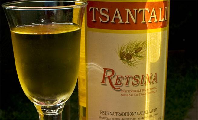 Пожалуй, наиболее известное греческое вино, история которого восходит еще к очень глубокой древности. Название вина происходит от греческого слова «смола», что уже позволяет судить об использовании этого ингридиента в процессе производства. Традиция использования смолы связана с применением у древних греков амфор и необходимостью их герметично запаковывать. Смесь гипса и смолы считалась для этого идеальной: так вино дольше хранилось и насыщалось приятным ароматом. Помимо этого, смолу нередко добавляли в само вино: это предотвращало скисание и придавало напитку целебных свойств. В настоящее время, чтобы придать вину характерный аромат и вкус смолу добавляют в процессе брожения, а по окончанию оного удаляют.
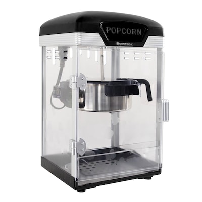 One-touch kettle release effortlessly empties all popped popcorn into the unit for easy serving
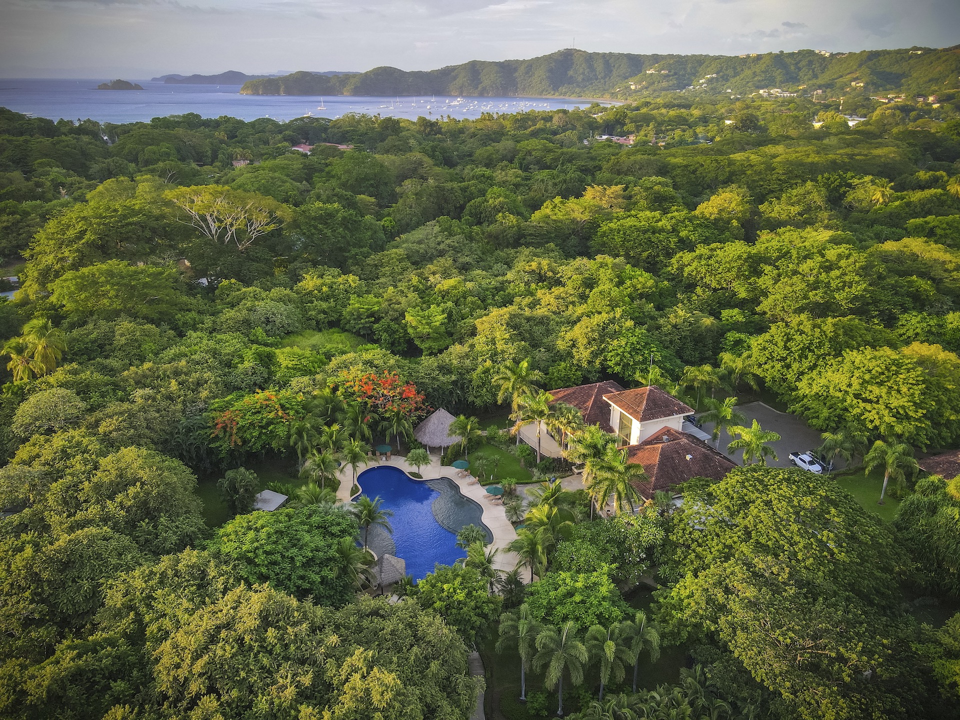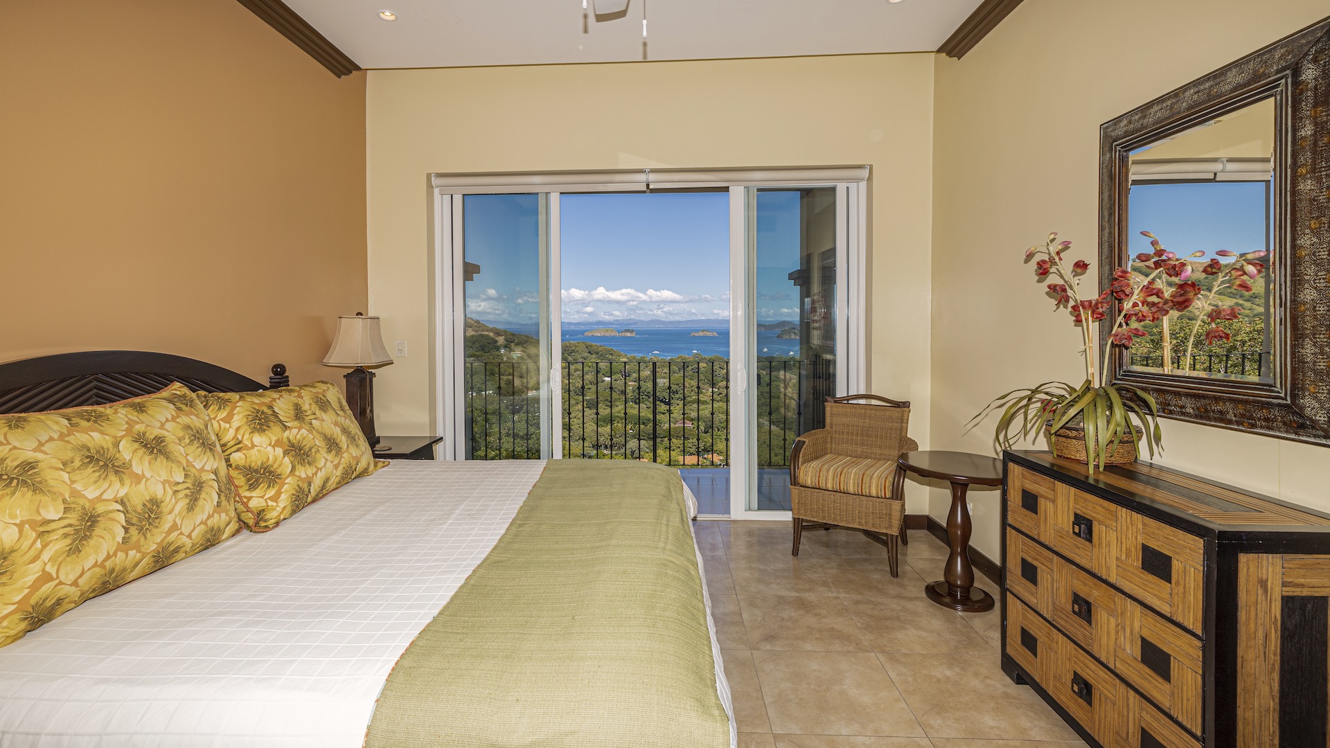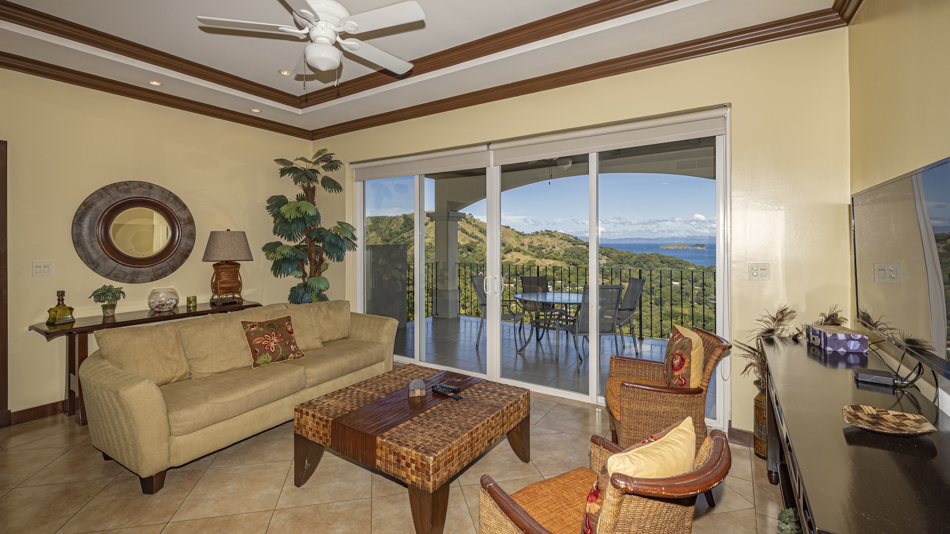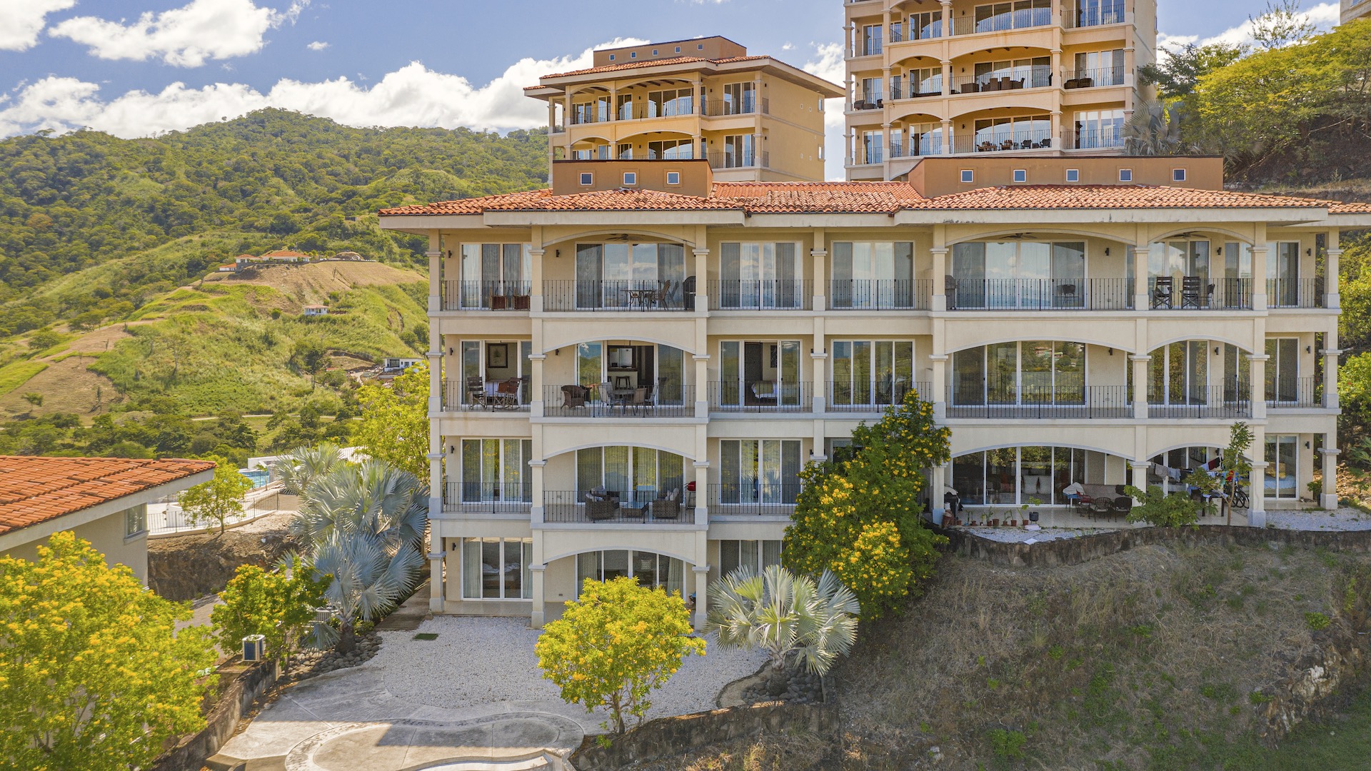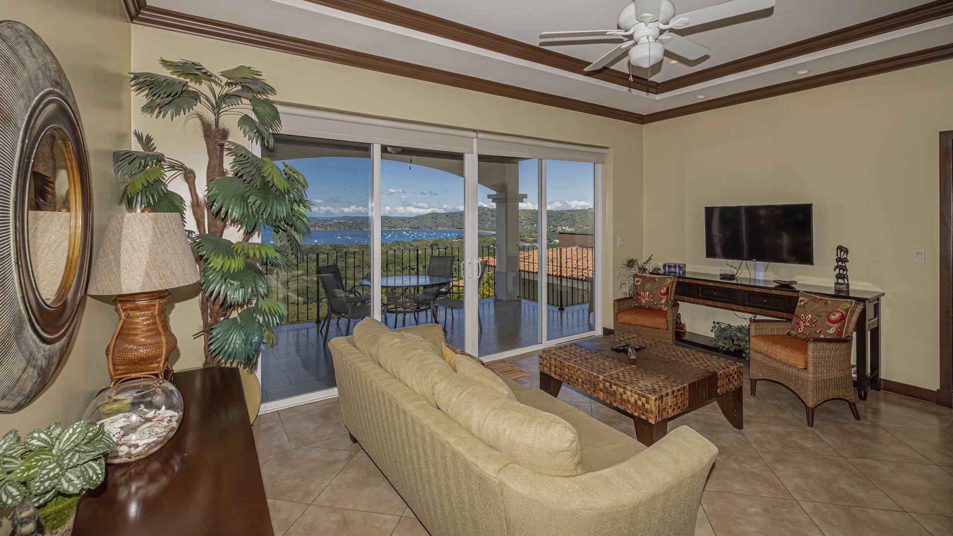 Experience elevated coastal living in this luxurious 1,575 sq. ft. 2-bedroom, 2.5-bathroom ocean-view condo, perfectly positioned on the third floor of the prestigious Segovia Condominiums. Offering breathtaking, unobstructed views of Playas del Coco and the Papagayo Peninsula from every room, this residence welcomes you into a spacious great room that seamlessly blends the compact yet well-appointed kitchen, dedicated dining area, and expansive living room, all opening onto a large covered terrace—the ideal spot to enjoy morning coffee, serene sunsets, or the peaceful rhythm of the coastline. Thoughtful design continues throughout, with a half bath and roomy laundry area off the entry hall, custom hardwood cabinetry, double-paned windows, granite countertops, stainless steel appliances, and sleek porcelain tile flooring. The two bedrooms are privately set on opposite sides of the living area, and each bedroom features its own private ocean-view terrace. The generous primary suite further includes oversized closets, dual vanities, a jacuzzi tub, and separate shower and commode, while the secondary bedroom also offers its own ensuite with a large shower and private commode. Residents enjoy central A/C, abundant storage, a large community ocean-view pool and jacuzzi, and ample off-street parking. As part of Coco Bay Estates, owners have access to a full suite of amenities including the exclusive Club at Coco Bay with a restaurant, fitness center, pickleball and tennis courts, paved roads, and 24/7 security. Located just minutes from the beach, town center, shopping, dining, entertainment, and watersports—and only 30 minutes from Liberia International Airport—this exceptional condo offers the perfect blend of luxury, convenience, and coastal tranquility.

========================================================================

▸ **GOAL OF THE EXERCISE**:
Print the data above from its first line through the line that has "One-touch kettle release", exactly and with nothing else, omitting pictures.

▸ **WRITTEN REPLY**:
 Пожалуй, наиболее известное греческое вино, история которого восходит еще к очень глубокой древности. Название вина происходит от греческого слова «смола», что уже позволяет судить об использовании этого ингридиента в процессе производства. Традиция использования смолы связана с применением у древних греков амфор и необходимостью их герметично запаковывать. Смесь гипса и смолы считалась для этого идеальной: так вино дольше хранилось и насыщалось приятным ароматом. Помимо этого, смолу нередко добавляли в само вино: это предотвращало скисание и придавало напитку целебных свойств. В настоящее время, чтобы придать вину характерный аромат и вкус смолу добавляют в процессе брожения, а по окончанию оного удаляют.
 One-touch kettle release effortlessly empties all popped popcorn into the unit for easy serving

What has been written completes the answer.